Там был изображен необычный знак.

— Спроси у специалистов, — посоветовал Боян, — но не думаю, что они тебе что-то разъяснят.

На камне была вырезана латинская буква V, на ней крест и еще две линии, пересекавшиеся под острым углом.

— Голова быка? — спросила Майя, перерисовывая знак себе в тетрадку. — Края горизонтальной линии креста похожи на глаза. Какое отношение имеет митраизм к христианству?

— Ну, как же, — проговорил Боян. — Эти две религии боролись за господство в Риме. Когда христианство победило, где-то в середине четвертого века, христианская церковь сделала 25 декабря своим праздником именно для того, чтобы вытеснить мистерии Митры, которые происходили в то же время.

— Почему двадцать пятого декабря?

— Это период зимнего солнцестояния. Созвездие Девы над полуночным горизонтом. В любом случае совершенно очевидно, что имел место обмен знаками и символами с обеих сторон.

— Это становится интересным, — заметила Майя. — Получится хороший доклад. Ты мне поможешь, ладно?

— Если будешь хорошо себя вести, — отшутился Боян. — Зависит от тебя.

— Только без шантажа, — сказала Майя.

Когда они вышли на улицу, солнце пекло уже не так сильно, но воздух стал гуще и тяжелее; на узкие улочки Старого базара опустилась зыбкая мгла. Прохожих заметно прибавилось — все было не таким, как когда они шли в музей. Семьи с множеством детей останавливались у витрин, входили в магазины, выходили, неся пакеты с купленными товарами, о чем-то споря и пересчитывая деньги — сколько же было потрачено на покупки. Продавцы перекрикивались через улицу, из чайных выбегали мальчики, неся на мельхиоровых подносах стаканы с чаем. Шум, движение, пестрота — мистерия исключительности этой части города пропала.

— Купи мне мороженое, — заискивающе попросила Майя. — Я хочу съесть мороженое на улице.
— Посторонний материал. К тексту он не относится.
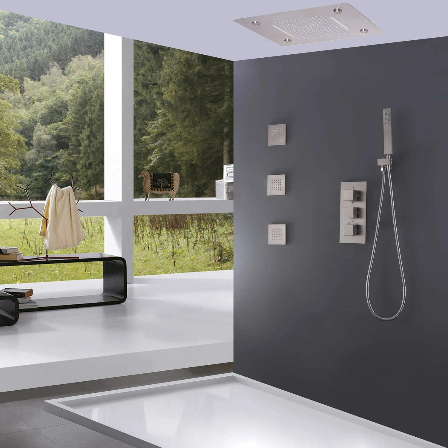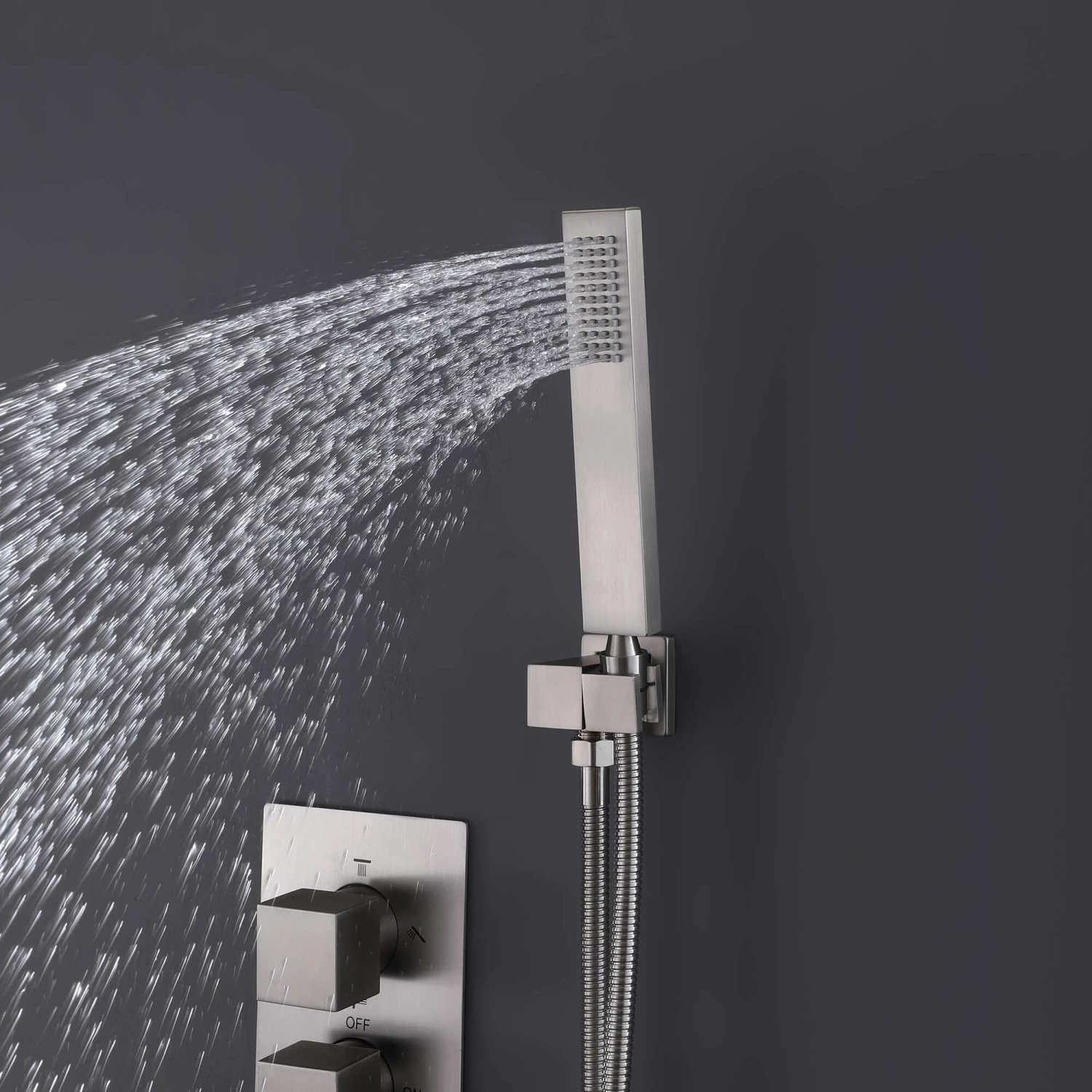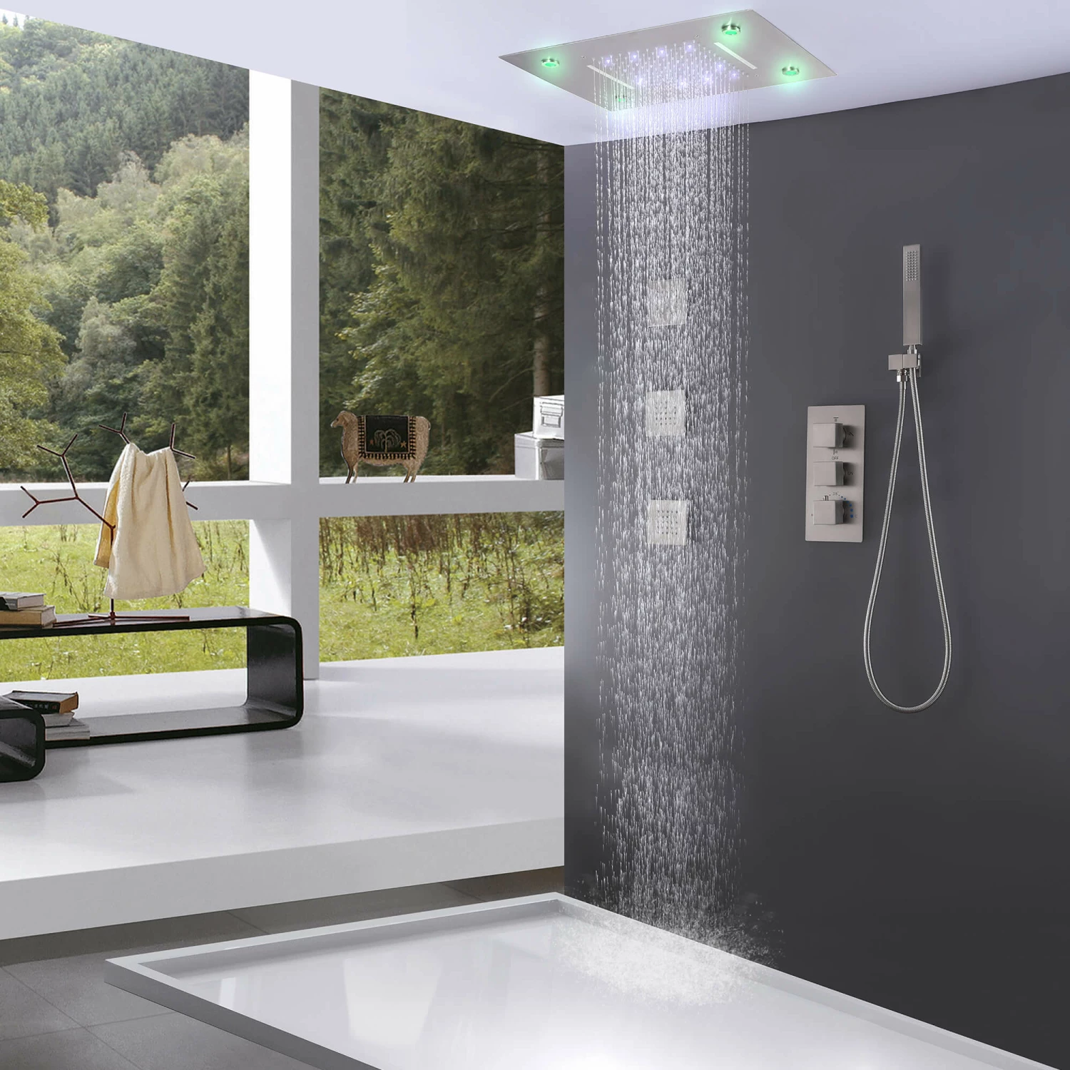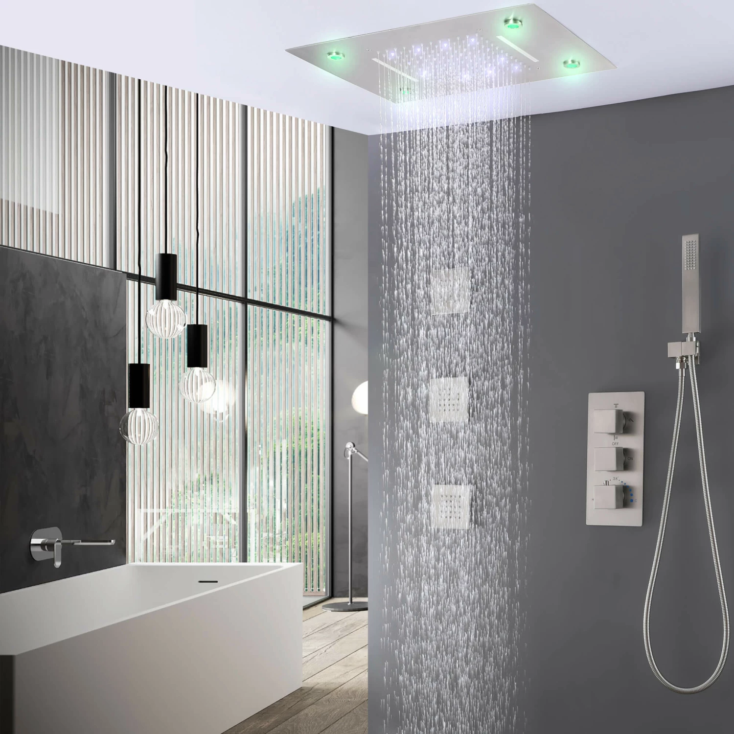 - NEW RBROHANT SHOWER SET INCLUDE —20×14 inch shower head(stainless steel 304)with LED power plug, hot and cold shower valve (brass and ABS), handheld shower(Brass), stainless steel hose,shower holder(Brass),Brass G to NPT adapters for shower head and shower valve, 3 pcs Body Jets(Brass and ABS): help you relaxing your muscles. In order to enjoy a good water experience, the recommended water pressure: 0.3~0.8 Mpa.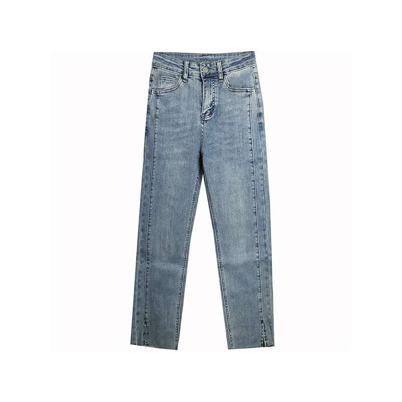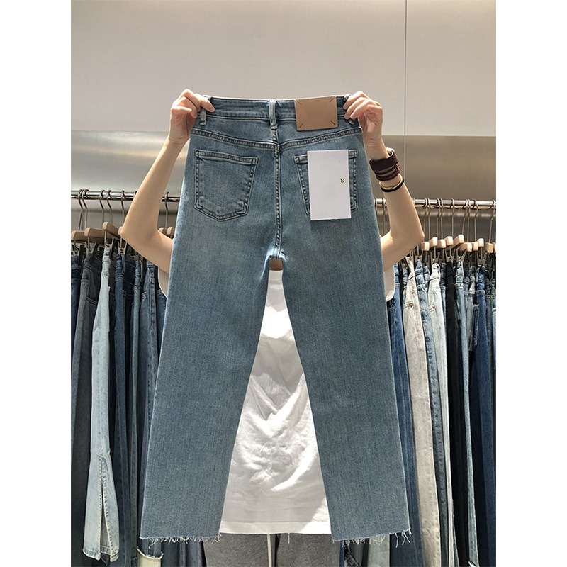 クラシックなミディアムウォッシュの風合いが魅力のストレートジーンズ。裾のカットオフデザインがトレンド感を演出。ハイウエストで脚長効果も期待できる、一本。デイリーユースからカジュアルシーンまで幅広く活躍します。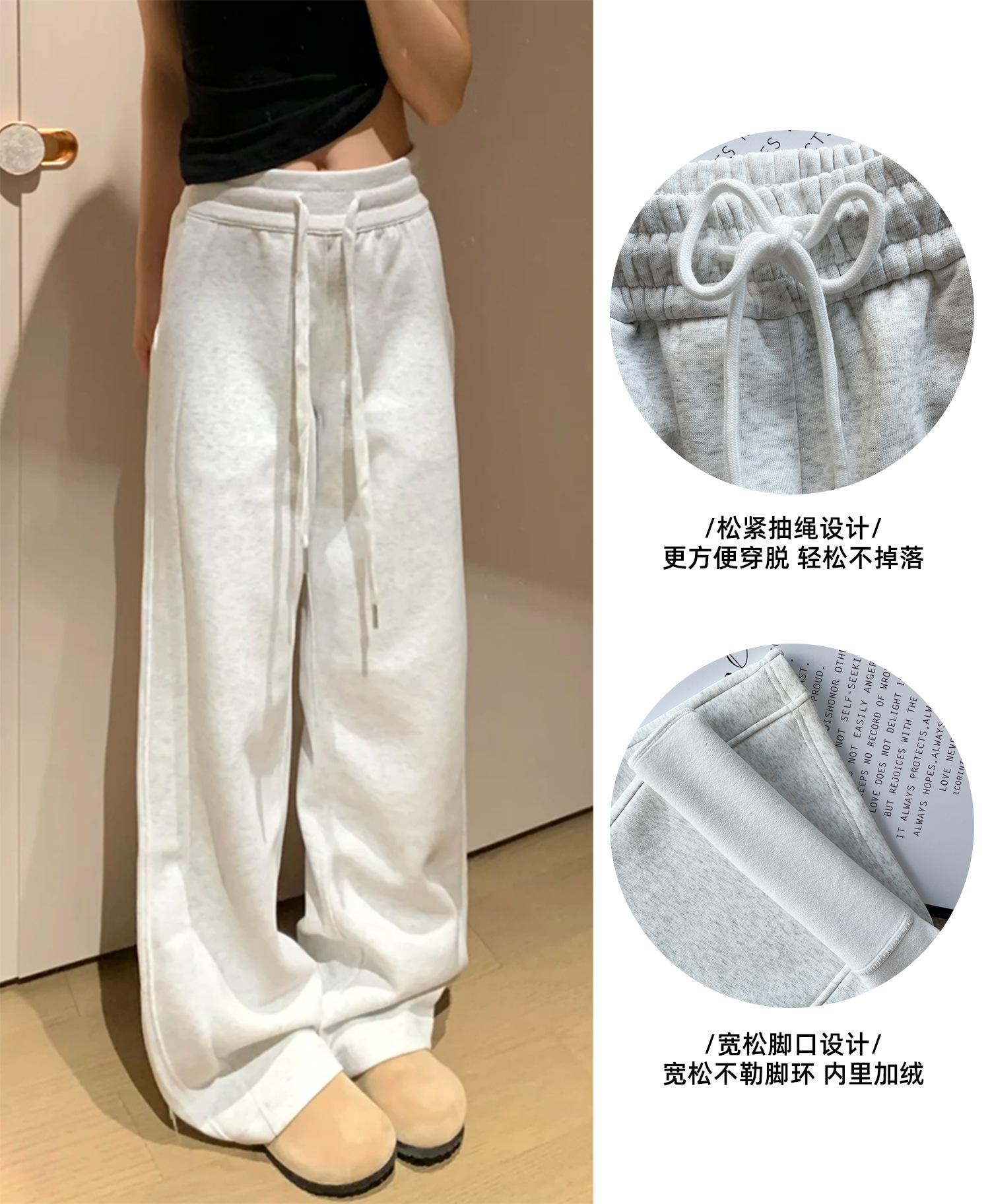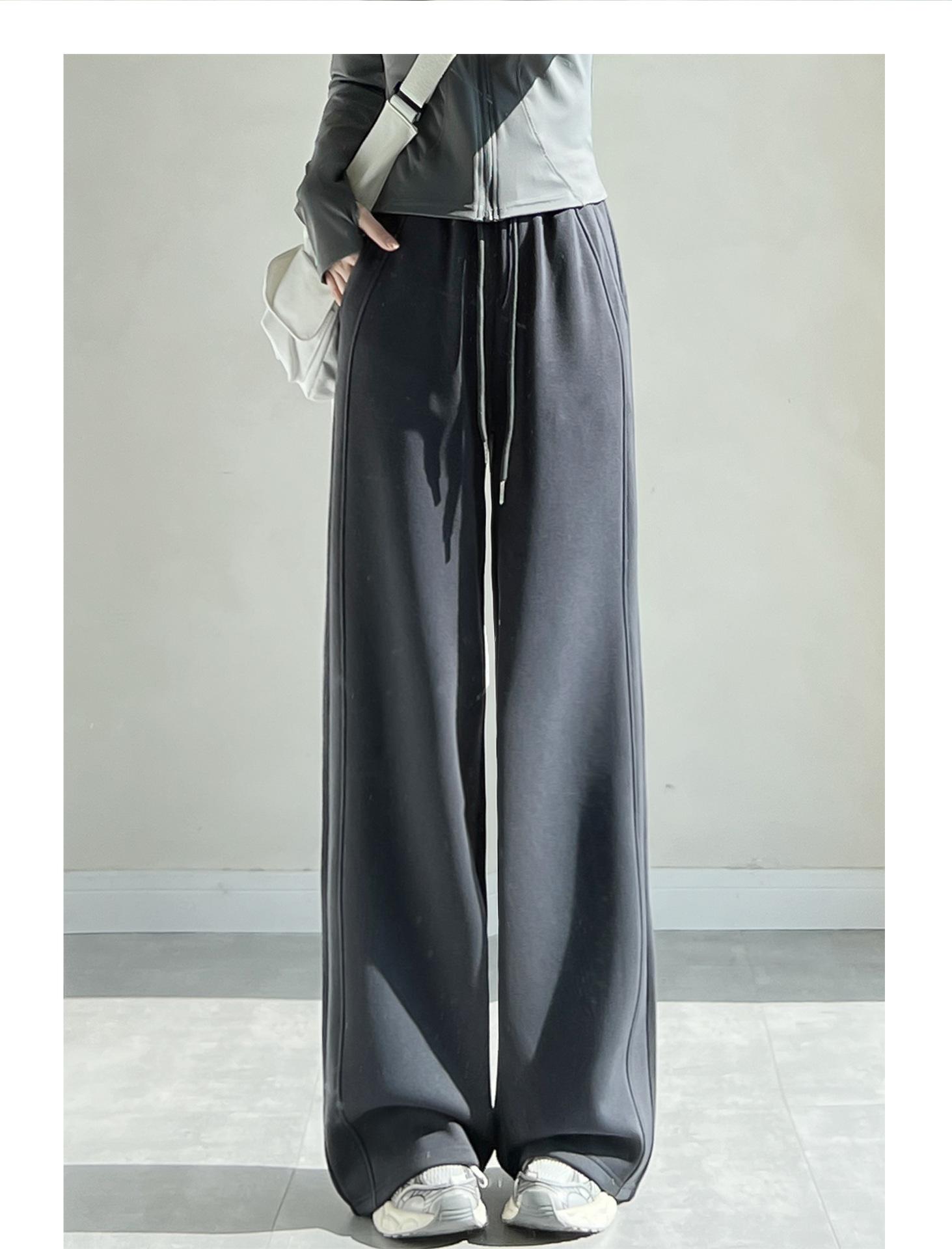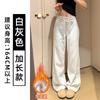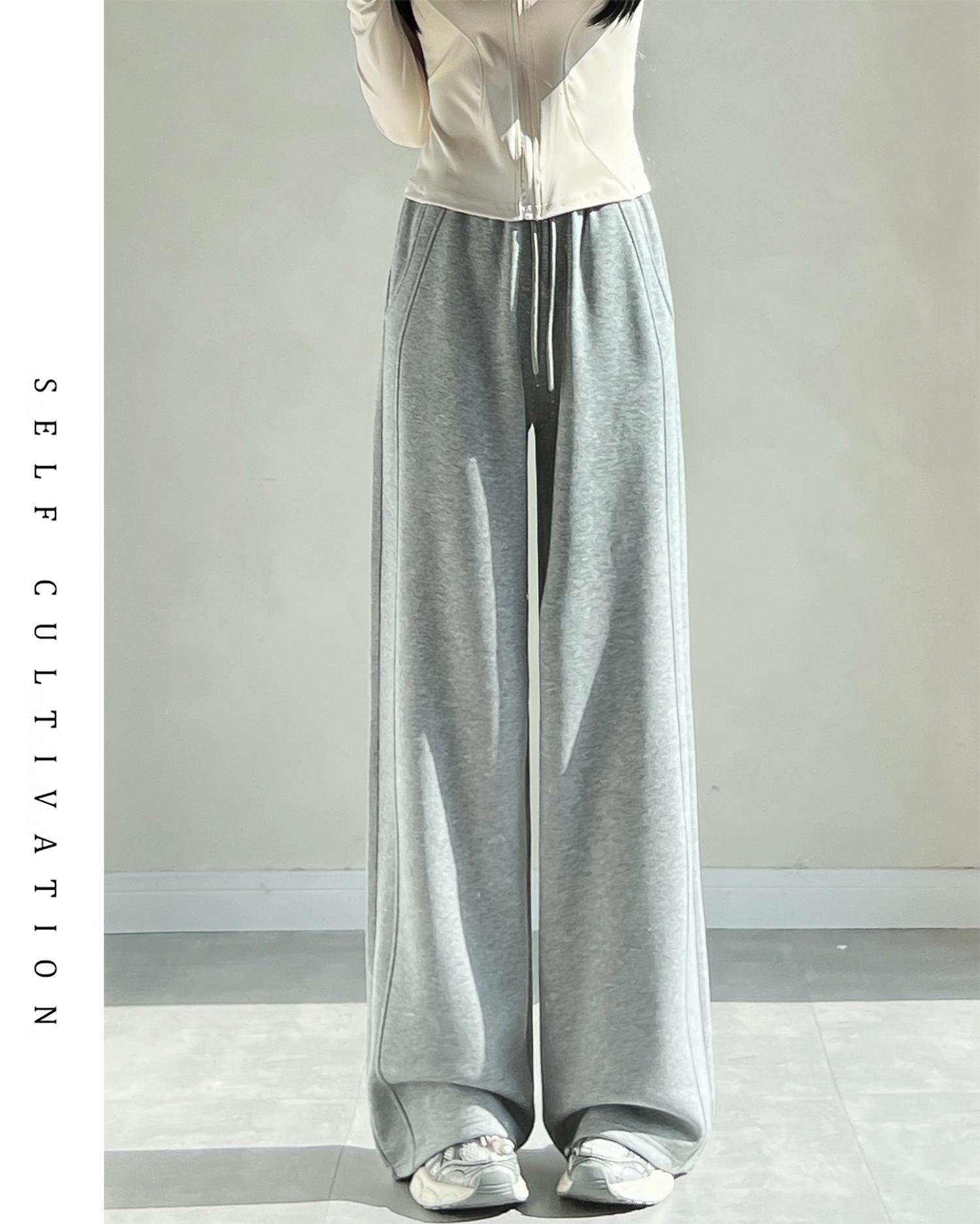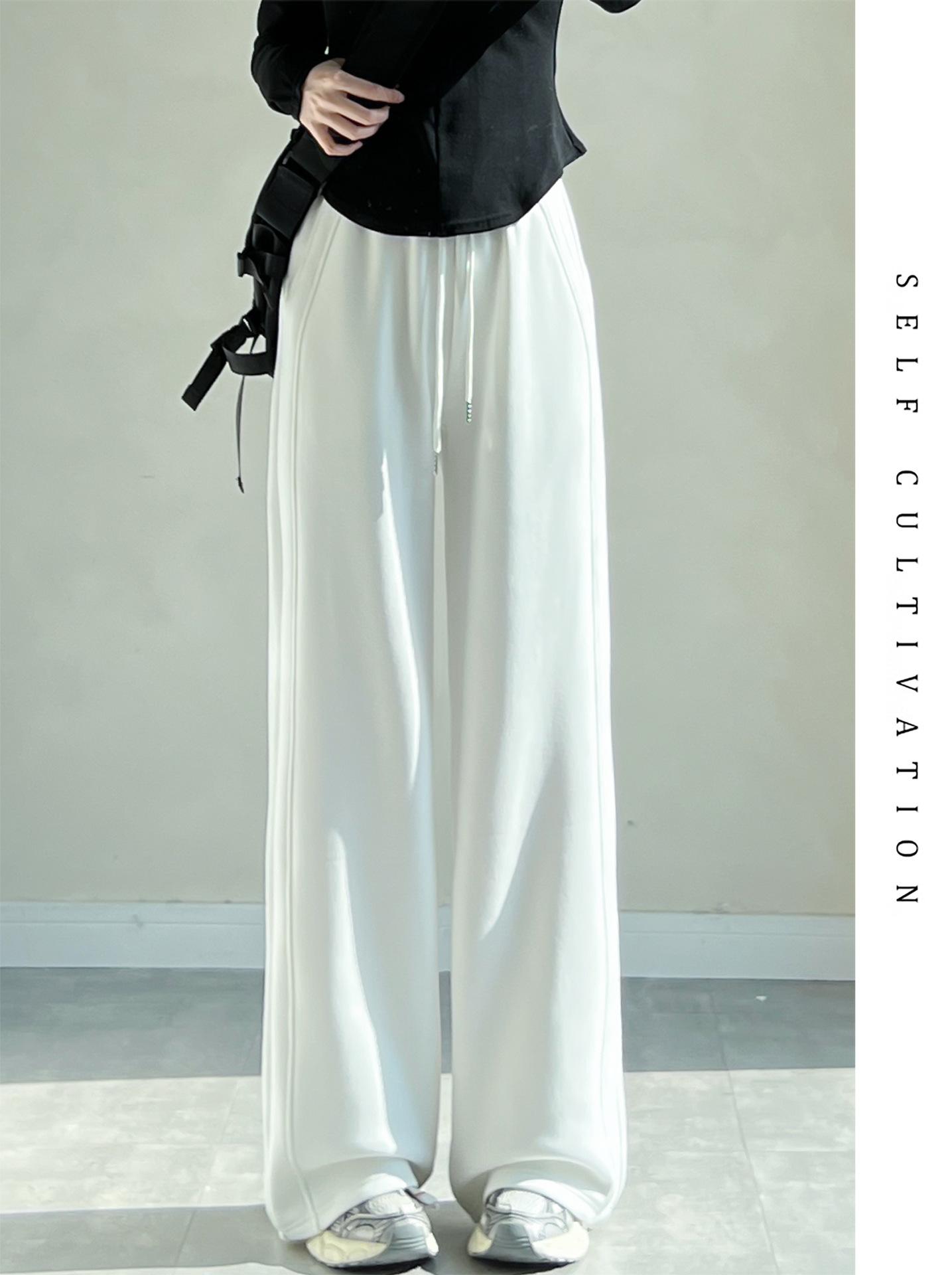 Pantalones deportivos blancos-grises estilo lulu para mujer otoño 2025 nuevos de talle alto adelgazantes petite de pierna estrecha y pierna ancha

— Имей в виду, что я — безработный археолог, и мой бюджет на непредвиденные расходы ограничен. Кроме того, мы — в общественном месте, а то, как ты лижешь мороженое, выглядит просто неприлично. Твои развратные движения языком — страшный удар по нормам морали и нравственности. Подумай о молодом поколении!

— Ты лицемер! На самом деле запреты такого рода всегда только раскрывают потаенные желания тех, кто запрещает. А потом…

— Эй! — вдруг крикнул кому-то Боян. — Теперь не узнаешь меня, а?

— Узнаю, — отозвался, вынырнув из толпы, продавец сигарет. — Конечно, мы знакомы, как я могу сказать, что незнакомы. Знакомы…

Он переминался с ноги на ногу, нарочито сильно выворачивая и подволакивая свою более короткую ногу, тем самым показывая, что ему неудобно стоять здесь — посередине улицы в компании Бояна и Майи под любопытными взглядами окружающих.

— Ты что, снова в беде? — спросил Боян.

— Я всегда в беде, — ответил тот. — Бедный человек всегда в беде.

— Теперь ты уже без сигарет, — сказал Боян.

Цыган нервно оглянулся. Его черные глаза бегали, как тараканы, упавшие в белую фарфоровую тарелку, из которой им никак не удается выбраться.

— За тобой кто-то гонится?

— Никто за мной не гонится, — сказал Максуд, озираясь по сторонам. — Никто за мной не гонится, но тут нам стоять не годится. Давай встретимся в другом месте.

— Зачем?

— У меня для тебя кое-что есть.

— Что-то нашел?

— Сейчас говорить не могу, — сказал Максуд, вытягивая шею и неестественно поднимая голову, словно пытаясь разглядеть что-то над головами прохожих. — Времени нет. Приходи завтра вечером в крепость. Пока.

И он исчез в толпе.

— Это…

— Да, — пробормотал Боян, — тот тип с египетской пластинкой.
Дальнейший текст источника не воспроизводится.